As of December 2022, it typically takes about 30-45 minutes for the the droplet to be created and for the services to fully reach a "healthy" status with all of the data loaded in. In some cases, it is possible that the GH Action job that runs wait_for_200.sh will finish "successfully" even though there was a failure. If that job finishes successfully much more quickly than we would expect, manually test the /v2/autocomplete endpoint to make sure the normalized PAD data was properly loaded before going to production.

5. Once the workflow finishes successfully, you should see a new geosearch droplet in Digital Ocean. You can verify that it is working properly by sending requests at it's public IPv4 address. Traffic to the production geosearch URL (https://geosearch.planninglabs.nyc/) is sent to the IP associated with the "geosearch" load balancer. To put your new droplet in production, simply add it to the new load balancer, remove the old droplet from the load balancer, and then delete the old droplet.

How exactly do deployments work?

The following explains what happens when we deploy a new Droplet running the code in this repo to Digital Ocean. If you are only trying to deploy a new instance of Geosearch with a new version of PAD data, everything you need should be covered in the "Deployment" section above.

Deployments are primarily handled by two files: /.github/workflows/build.yml' and 'cloud-config.yml. The "Build and Deploy" workflow in build.yml is run manually or triggered by pushes to the main branch (note that merging PRs into main constitutes a push). This workflow is responsible for a few things:

1. It uses doctl to create a new droplet. It will add an SSH public key saved in DO to that Droplet and tag it with labs. It will also point DO to the cloud-config.yml file for cloud-init to use for provisioning the droplet
2. Once the droplet is up, it will use the script in wait_for_200.sh to wait for the droplet to be healthy. In this scenario, healthy is defined as having all Geosearch services up and ready to accept traffic. This can take a while, primarily due to the time it takes to download the normalized PAD CSV and import it into the ElasticSearch datastore.

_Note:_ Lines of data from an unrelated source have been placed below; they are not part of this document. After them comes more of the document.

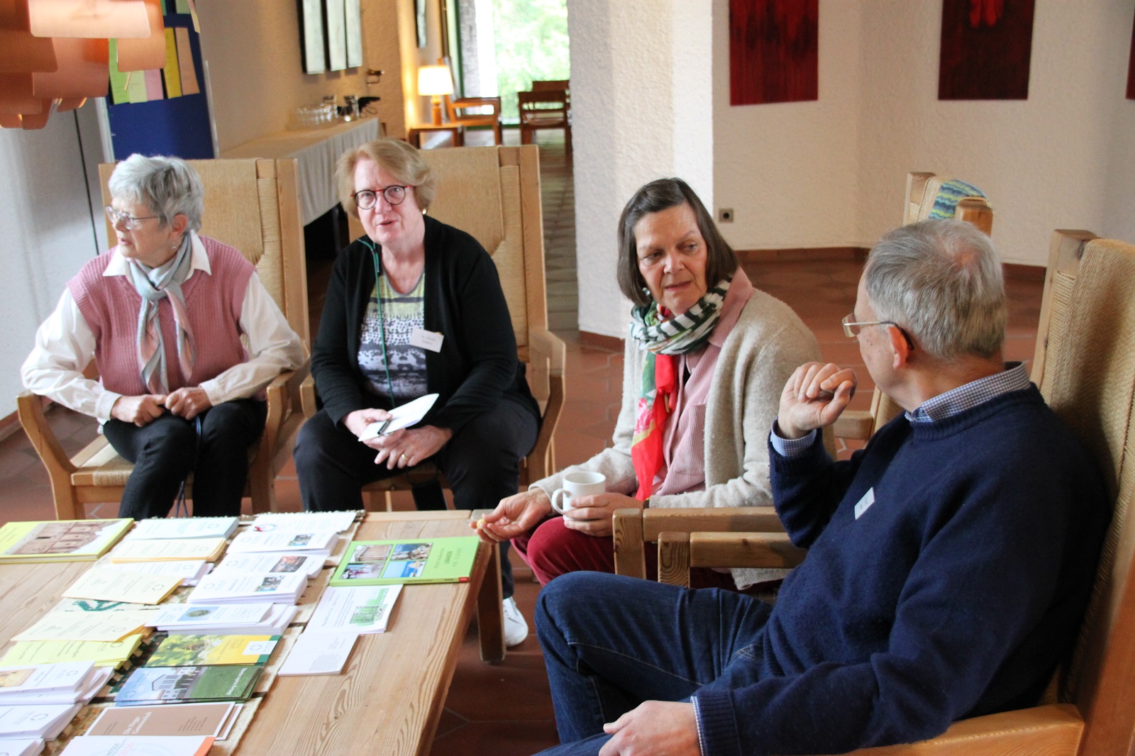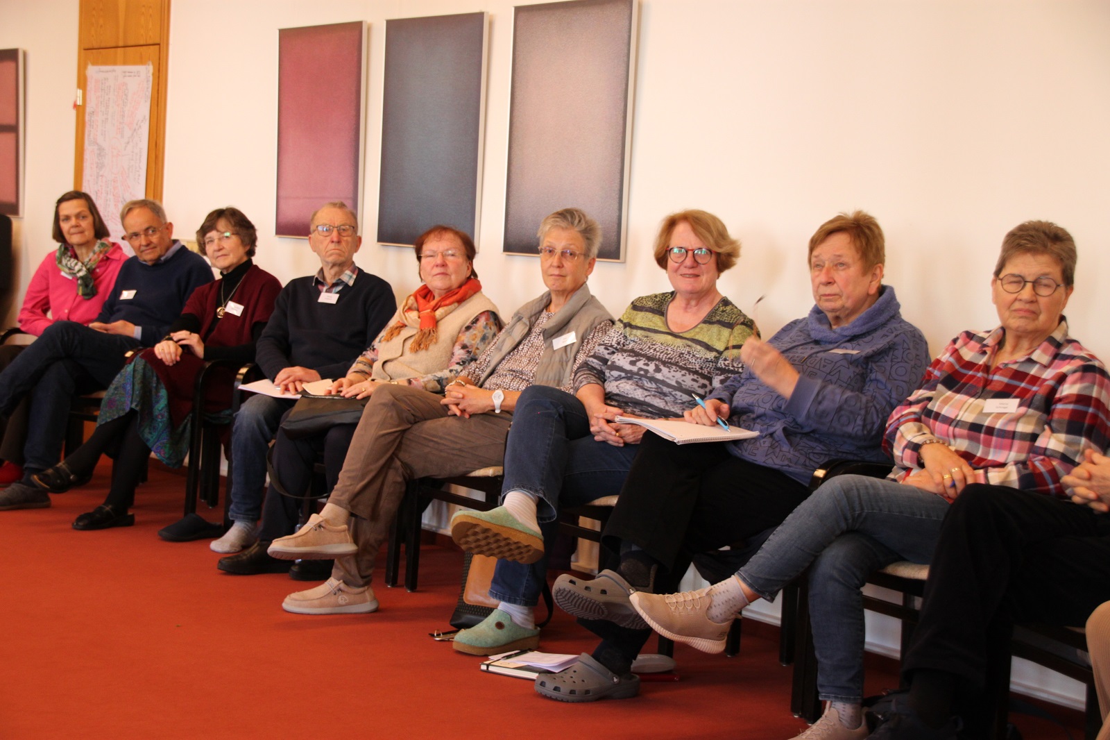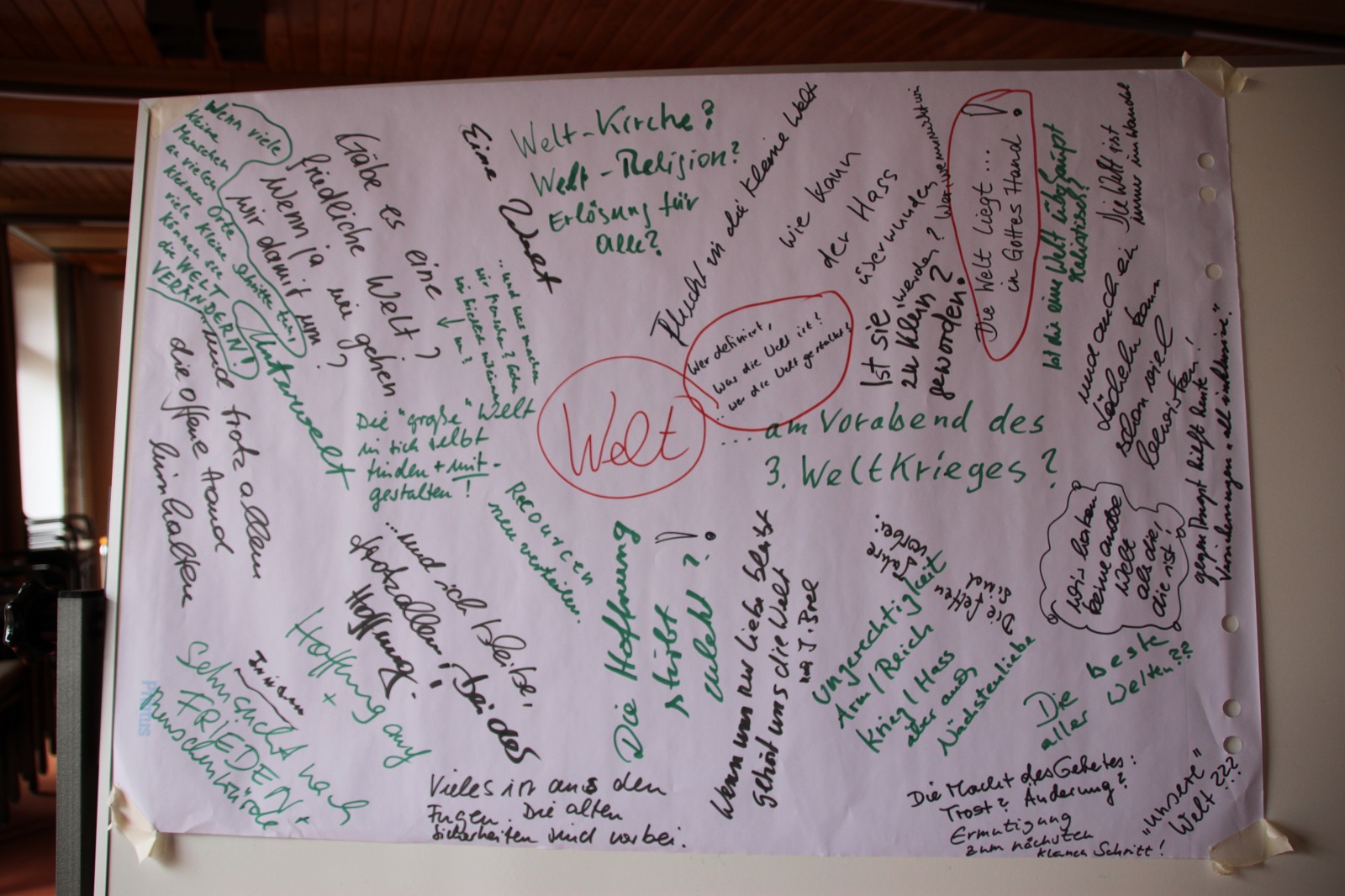Am Mittwochabend begann das Seminar mit einer Einstiegsübung, die sofort eine Atmosphäre des Zuhörens und der Präsenz schuf. Unter der Anleitung von Pastor Ulli Auffenberg fand eine Schreib-Meditation statt: Im großen Vortragsraum waren in den vier Ecken Tische mit Flipchartbögen und Stiften aufgestellt, die jeweils einem Thema gewidmet waren — Meine Anfragen/Nöte bezüglich der Welt, bezüglich mir selbst, bezüglich der Kirche und bezüglich Natur und Umwelt. Die Teilnehmenden bildeten vier Gruppen und durchliefen schweigend die Ecken, schrieben ihre Gedanken, Sorgen und Hoffnungen nieder und hinterließen so ein vielstimmiges Netz aus persönlichen Eindrücken.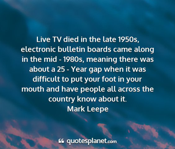 Live TV died in the late 1950s, electronic bulletin boards came along in the mid - 1980s, meaning there was about a 25 - Year gap when it was difficult to put your foot in your mouth and have people all across the country know about it.Mark Leepe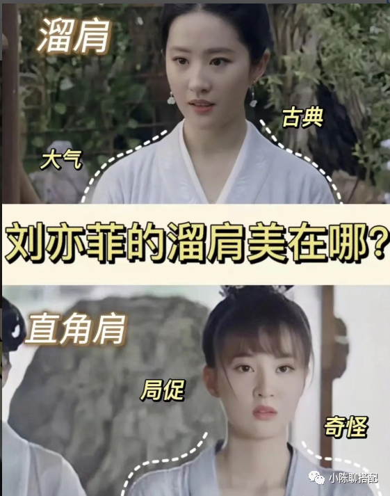 倒是现在大部分人所追求的直角肩成为了审美的主流,并以此来打压溜肩,但是直角肩与溜肩就一定必须有一个占据审美高位吗,那倒未必,尤其是被诟病的刘亦菲的溜肩其实更强调了她独一无二的美。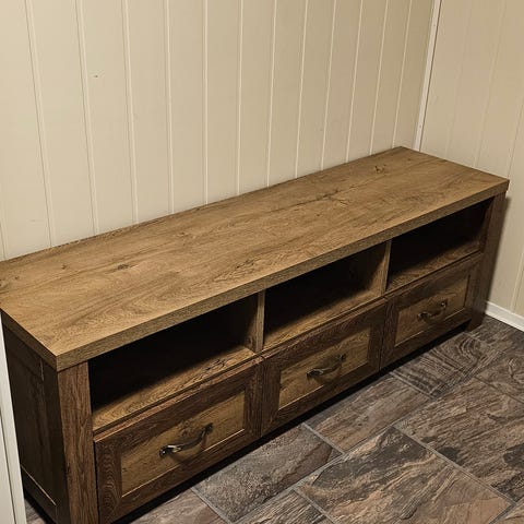 Selger svart blank tv benk med 2 skap skuffe på begge ender og 3 hylle skap i midten. Grei og god benk.

Spinning up the services defined in docker-compose.yml and downloading and importing data is done via the tool cloud-init. cloud-init uses the contents of cloud-config.yml to do the following:

1. Create a new sudo user called pelias on the new droplet. This is necessary because, following best practice, the Pelias CLI tool cannot not be run as the root system user. It will assign this user to the correct groups and add the included public SSH key to it.
2. Disable root access. As a security measure, logging into the droplet as root will be disabled once it is initialized.
3. Install the docker and docker-compose packages.
4. Bring up Geosearch by running the commands under runcmd. Note that even though cloud-config.yml creates the pelias user, the commands in runcmd are executed as root. Most of these commands use runuser to execute commands as the pelias user.

If you find yourself needing to ssh into a deployed Geosearch droplet, please see your team lead for additional instructions.